• _WHAT THIS TASK INVOLVES_: From the data below, return the exact lines starting at the line containing "-Φτιάχνω ένα αίνιγμα" and ending at the line containing "国産小麦クッキーの土台にスト", both included, and nothing else.

** Opening DATA EXTRACT block **

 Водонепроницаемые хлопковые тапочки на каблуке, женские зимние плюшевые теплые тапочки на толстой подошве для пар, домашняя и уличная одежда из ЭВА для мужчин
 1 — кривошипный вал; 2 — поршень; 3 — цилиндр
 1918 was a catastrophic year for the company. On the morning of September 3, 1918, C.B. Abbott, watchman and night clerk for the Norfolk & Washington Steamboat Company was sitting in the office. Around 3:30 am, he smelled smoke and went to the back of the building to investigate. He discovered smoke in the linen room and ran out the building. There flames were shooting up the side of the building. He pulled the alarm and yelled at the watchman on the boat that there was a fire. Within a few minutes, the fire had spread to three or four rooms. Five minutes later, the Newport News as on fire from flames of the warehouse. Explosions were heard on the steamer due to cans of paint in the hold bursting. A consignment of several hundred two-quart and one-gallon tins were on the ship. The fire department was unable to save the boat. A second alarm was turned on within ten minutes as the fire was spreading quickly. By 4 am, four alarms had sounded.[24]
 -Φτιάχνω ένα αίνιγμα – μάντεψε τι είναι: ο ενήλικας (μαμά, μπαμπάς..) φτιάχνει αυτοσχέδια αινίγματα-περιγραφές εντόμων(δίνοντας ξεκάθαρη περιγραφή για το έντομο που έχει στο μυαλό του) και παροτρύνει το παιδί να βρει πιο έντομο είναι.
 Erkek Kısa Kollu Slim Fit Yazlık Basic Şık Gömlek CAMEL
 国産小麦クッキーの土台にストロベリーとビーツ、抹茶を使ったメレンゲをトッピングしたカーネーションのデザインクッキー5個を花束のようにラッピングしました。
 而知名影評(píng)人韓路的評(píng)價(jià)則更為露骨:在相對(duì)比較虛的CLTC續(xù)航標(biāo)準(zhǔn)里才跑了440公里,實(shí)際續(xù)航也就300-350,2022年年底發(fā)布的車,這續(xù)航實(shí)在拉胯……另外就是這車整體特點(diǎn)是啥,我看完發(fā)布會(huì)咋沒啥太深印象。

** Closing DATA EXTRACT block **
** Opening DATA EXTRACT block **

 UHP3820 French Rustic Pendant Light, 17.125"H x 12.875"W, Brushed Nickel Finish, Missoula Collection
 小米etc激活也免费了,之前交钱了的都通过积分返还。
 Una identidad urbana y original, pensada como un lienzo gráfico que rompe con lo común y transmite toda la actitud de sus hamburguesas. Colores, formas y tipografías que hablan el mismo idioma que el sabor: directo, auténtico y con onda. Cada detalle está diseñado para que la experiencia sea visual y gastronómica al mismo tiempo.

** Closing DATA EXTRACT block **

• _ANSWER BOX_:
 -Φτιάχνω ένα αίνιγμα – μάντεψε τι είναι: ο ενήλικας (μαμά, μπαμπάς..) φτιάχνει αυτοσχέδια αινίγματα-περιγραφές εντόμων(δίνοντας ξεκάθαρη περιγραφή για το έντομο που έχει στο μυαλό του) και παροτρύνει το παιδί να βρει πιο έντομο είναι.
 Erkek Kısa Kollu Slim Fit Yazlık Basic Şık Gömlek CAMEL
 国産小麦クッキーの土台にストロベリーとビーツ、抹茶を使ったメレンゲをトッピングしたカーネーションのデザインクッキー5個を花束のようにラッピングしました。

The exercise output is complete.